# Eura Mobil additional cab heating



## Chudders

As some on here will know about 3 weeks ago I took delivery of a Euramobil Integra 810 HS. During this cold weather when out driving I have used the E M additional cab heating with the 2 switches alongside the passenger seat.
It seemed extremely efficient and worked before the engine water temperature rose very far to work the standard Fiat heating. My querie is does anyone know where the heat for this comes from, is it the engine cooling system or possibly some sort of heat exchanger on the exhaust. 
Any ideas anyone. It,s too cold to go out and crawl around to try and see at the moment so I am taking this easier option.
Happy new year to you all

Regards, Dave


----------



## Vennwood

Hi Dave,

typically a heat exchanger is used from the engine cooling system. The one you refer to i.e. cab heater it uses the engine cooling system water into a radiator with a fan that blows the air through it. As you say it is very efficient. If you have the Alde heating system then it heats up the radiators and warms the whole MH

Hope this helps


----------



## DABurleigh

Not only do you not have to get cold looking, you also needn't show you don't know!  An MHF search shows:
http://www.motorhomefacts.com/ftopicp-213818.html#213818

Dave


----------



## Chudders

Thanks for the replies and the info. Didn,t think of doing a search, must be hung over from last night. Thanks for the link
Regards, Dave


----------



## Pard

Took the opportunity of the thaw to take the van out for a warm-up run and try the supplementary heating. Have followed the threads (both this one and the link provided by Dave Burleigh). The two switches on my Integra 636 LS (Merc base) don't seem to have the required effect - i.e. no heat, no fan. Cab heater works fine. Is there another switch somewhere I'm missing? A plate on the driver's seat suggests there is an Eberspacher Hydronic heater, and a mysterious metal 'bottle' and additional piping and vents [like that for the blown air system] in the dinette underseat compartment [behind the front passenger] looks as if it is part of a suppl heater system. Help!

Terry


----------



## Chudders

I have found that for the fans to work not only does the ignition need to be on but also the habitation electric (Possibly even the ligting switch not sure).
Works really well, went for a drive in the cold the other day and the combination of the conventional Fiat cab heater and the supplementry EM heating made the cab too hot, had to turn one down.
Dave


----------



## Pard

Hi Dave

Thanks yet again! I'm pretty sure I had the habitation electrics switch on, but probably not the lights. So I'll give that a try - will have to await the weather tomorrow to see what it's like!

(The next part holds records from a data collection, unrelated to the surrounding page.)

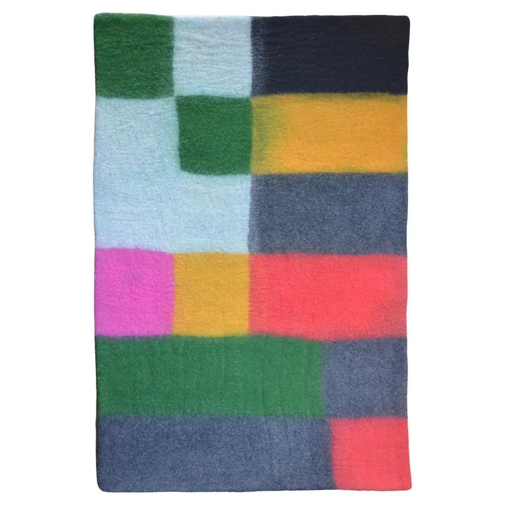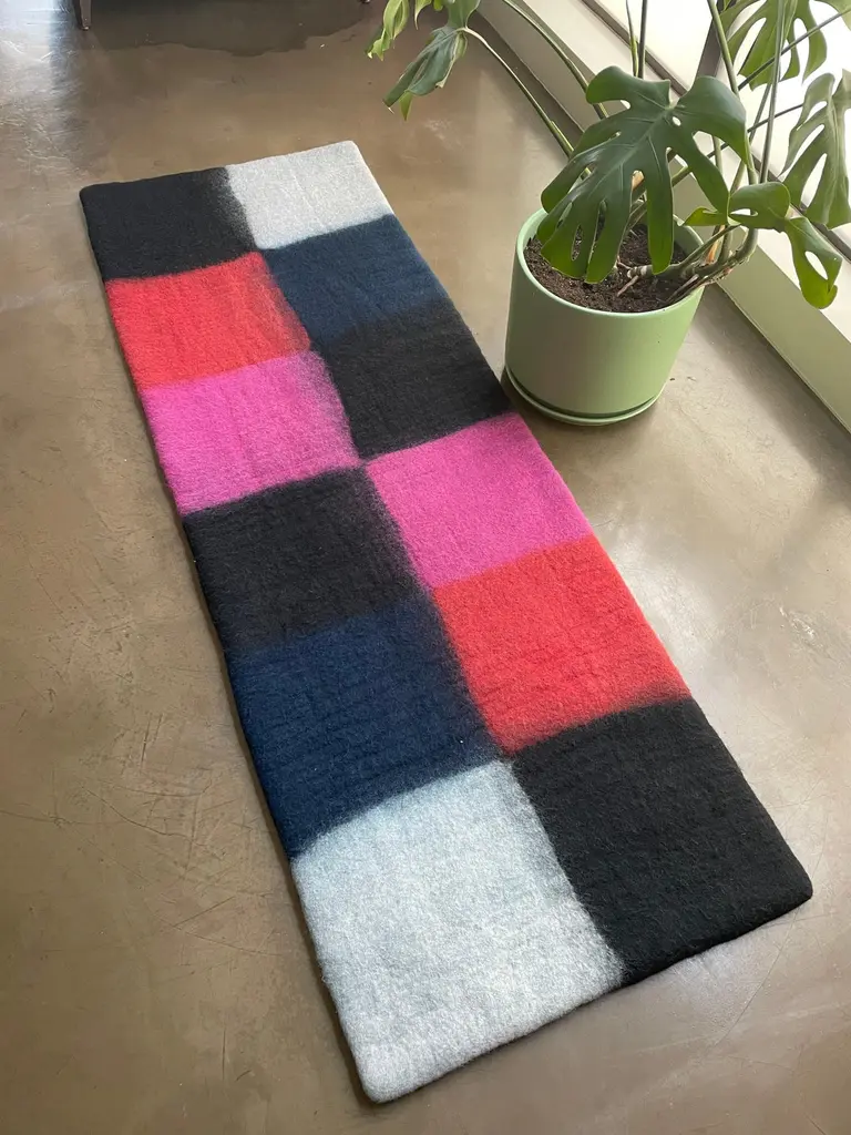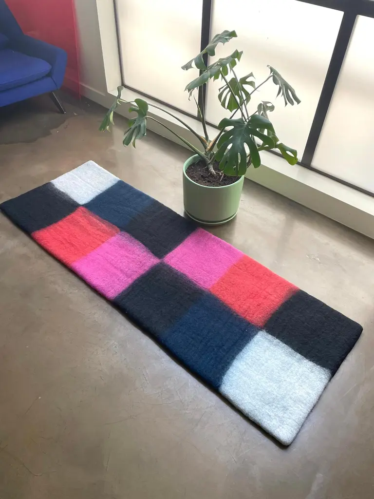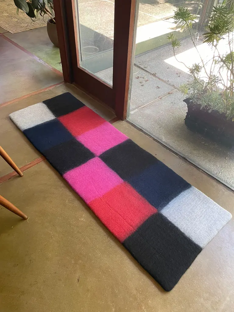 This rug is extremely unique. The history of wool felt rugs began with nomadic tribes in the Central Asian Steppes. I have been producing and designing this extremely rare form of rug making since 2002 in Iran, Turkey and now, Nepal. The price is very fair considering the rarity of contemporary hand felted rugs. For those unfamiliar with my unique felt rug collections, the experience is very unusual. The 3/4" felt is soft and thick and it feels incredibly luxurious to walk on. No rug pad is required. There is no backing to the rug. The back is a solid charcoal tone that can also be used as a second side. My boutique rug practice is well known in the Bay Area where I have operated several storefronts since 2002. The current location is in Oakland. My felt rugs are so easy to clean. They are flat which means a good sweep is all you need. Spot cleaning the stain resistant wool felt keeps the rug looking like new.
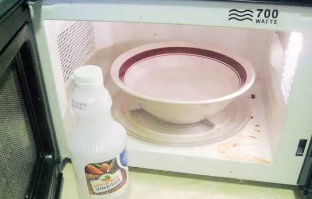 将白醋倒进碗里,再将碗放进微波炉中,加热5分钟。白醋加热后会变成蒸汽,能够软化微波炉中的油渍。再用毛巾擦掉微波炉中的油腻污渍,然后毛巾蘸取肥皂水进行二次清洁,最后用干净的毛巾擦干晾干就可以使用啦~
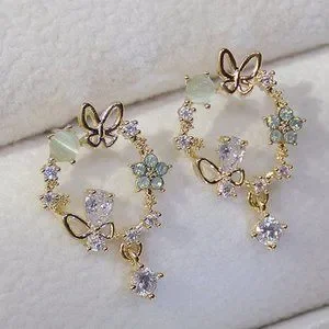 NEW 14K Gold Plated Diamond Flower Butterfly Circle Earrings
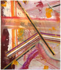 Chip Allen’s letting loose. He’s squeegeed, splattered, and gesturally brushed over his geometric abstractions, and by the looks of it action painting’s winning out. His loose, intuitive marks and smudges run interference across seemingly systematic lines, the resulting balance a taut
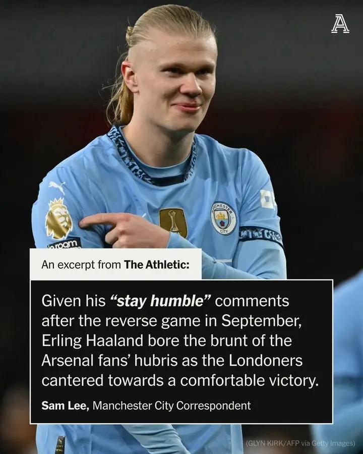 据The Athletic报道,在客场1-5不敌阿森纳后,哈兰德在赛后手指着代表英超冠军的金色臂章作为回应。此前,曼城实现了英超四连冠,而阿森纳已经多年未能染指英超冠军。
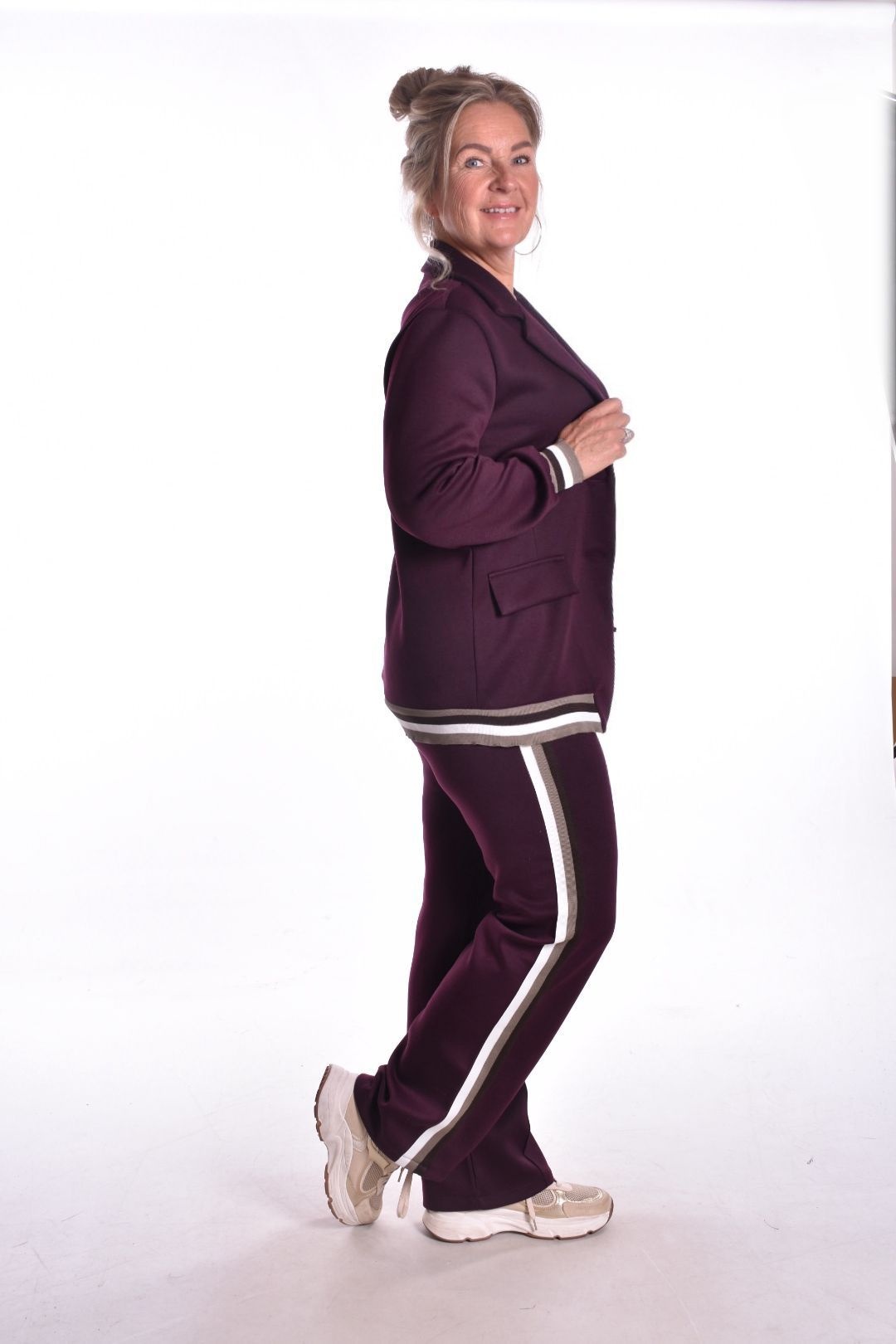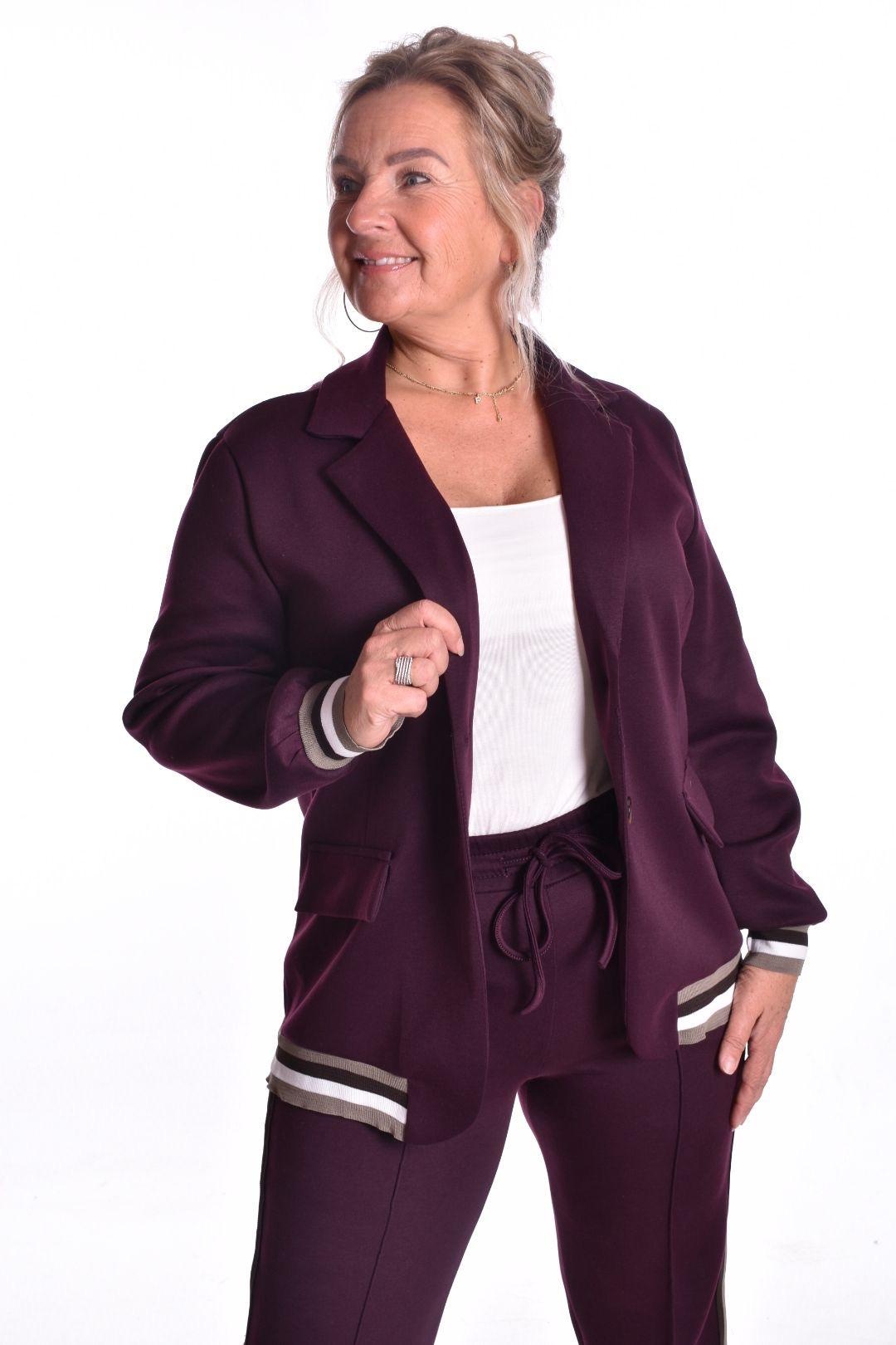 Aan de mouwen en aan de onderkant van de blazer zit een 4 kleurige brede band.
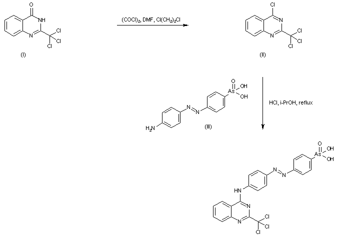 2-(Trichloromethyl)quinazolin-4-one (I) is chlorinated with oxalyl chloride in the presence of DMF producing 4-chloro-2-(trichloromethyl)quinazoline (II). Subsequent coupling of chloroquinazoline (II) with 4-(4'-aminophenylazo)phenylarsonic acid (III) in refluxing isopropanol furnishes the title compound. (1,2)
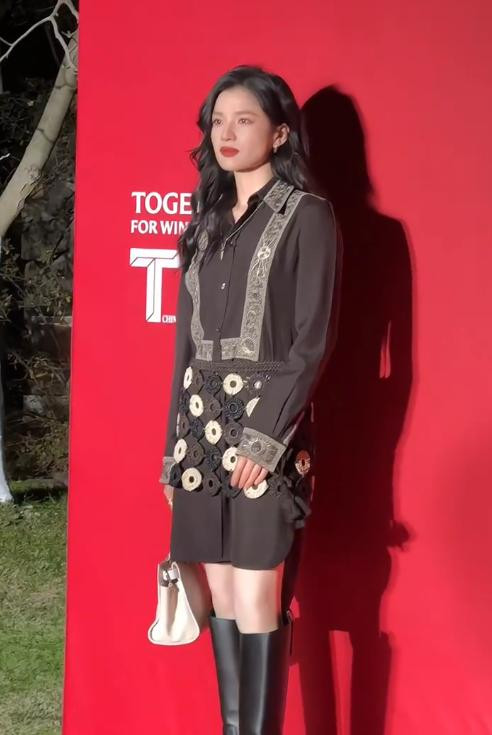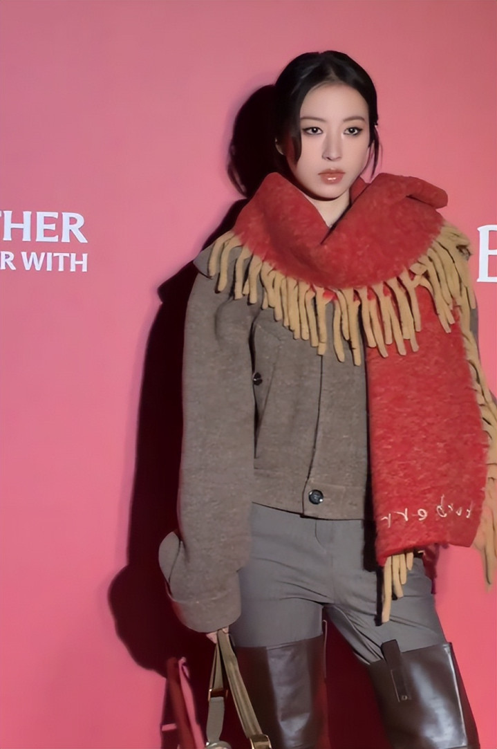 穿着灰色的毛呢上衣、长筒靴本应展现华丽优雅的气质。

Incidentally, the manual for mine makes mention too of being able to use the Truma gas heating while travelling. There is no indication that mine has ever been set up for that - no Secumotion regulator system, for instance. Is your 810? Is there any point with the supplementary diesel heating available anyway?

I'm just a bit confused by all the possible facilities and I thought I knew motorhomes quite well! Having an interesting time learning, though.

Terry


----------



## PeterandLinda

Hi

Excuse my silly question (as a Hymer owner) but this isn't an Eberspacher auxiliary heater is it?

That would certainly heat up a lot quicker than the van's engine heat.

P&L


----------



## DiscoDave

where might one aquire such an item? Is it designed to fit in a particular model of motorhome or is it just an auxiliary heater matrix with a fan?


----------



## Chudders

Hi Pard, yes I think you definately need the secumotion regulator to be able to use the heating whislt driving even though the heater itself says it can be used. Some don,t even then think it,s safe to drive with the gas on. Got to say I certainly don,t need it. Certainly no point in additional diesel heating this works so well. 
P&L. No its not an Eberspacher heater. It just works off the engine through some sort of matrix although I am not quite sure where or how. I assume and others on here tell me its from the engine coolant. I did wonder if it worked from a heat exchanger on the exhaust cause it certainly heats up faster than the engine heater.
DiscoDave, I don,t know if a similar system can be bought as an aftermarket item. The Euramobil is fairly new to me and I,m learning about it. 
Regards all, Dave


----------



## Pard

More thanks owed to Chudders! Have run the engine for a while (stationary) with the habitation lighting power on, and sure enough the heater works. Not sure how long it will take to heat fully, but I'm reassured that it will do the job. So no more concerns about the en route heating. I'm looking forward to the chance to use it all in earnest!

Terry


----------